Autorin
Sabine Ibing
Bücher, die mir selbst gut gefallen haben
Krimis / Thriller
Rezension
Bitter Wash Road
von Garry Disher
»Einmal geblinzelt, schon war man durch.«
Constable Paul Hirschhausen, genannt Hirsch, wird von Adelaide auf
einen Ein-Man-Posten im Outback nach Tiverton an der Bitter Wash
Road versetzt, seine alte Dienststelle wurde personell aufgelöst. Er
wird, wie alle Polizisten dort, der Korruption im Dienst verdächtigt.

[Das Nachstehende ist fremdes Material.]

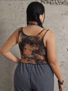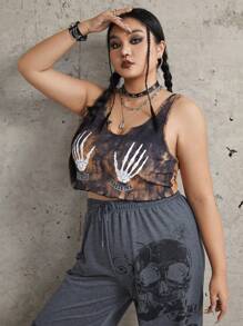 Grunge Punk Plus Tie Dye Skeleton Hand Print Crop Tank Top

Steckt er in der Sache drin oder versuchen ihn andere
hineinzuziehen? Wird er gegen ehemalige Kollegen aussagen? Was
weiß er überhaupt, wenn er nicht mittendrin steckte?
»Er hatte um einen Anwalt gebeten, der ihm verweigert worden war:
Es ginge nur um ein paar Formalitäten, okay? Daneben saßen entlang
der Seitenwände eine Handvoll Beamter aus den verschiedenen
Abteilungen, die von Quines Machenschaften in Mitleidenschaft
gezogen worden waren: Drogen, Kapitalverbrechen, Betrug ...«
Hirsch ist nun Sergeant Kropp und dessen Team in der nahegelegenen
Kleinstadt Redruth unterstellt. Auf der neuen Dienststelle wird er nicht
gerade freundlich empfangen. Ein Cop, von dem es heißt, dass er
einen anderen Cop verraten will, ist ein Kameradenschwein. Eine
Patrone liegt in seinem Briefkasten. Schweige! Schnell erkennt Hirsch,
auch in dieser Dienststelle läuft nicht alles rund. Die Cops spielen sich
bei der Bevölkerung auf, nötigen ethnische Gruppen und Frauen mit
besonderer Härte und unnötigen Kontrollen. Im Straßengraben am
Barrier Highway wird eine tote Jugendliche gefunden. War es ein
Unfall mit Fahrerflucht oder wurde sie ermordet? Kurz darauf
verschwindet ihre beste Freundin. Ist sie abgehauen oder wurde sie
entführt? Hirsch hat den Eindruck, er sei der Einzige, der an der
Wahrheit interessiert ist, außer der Mutter.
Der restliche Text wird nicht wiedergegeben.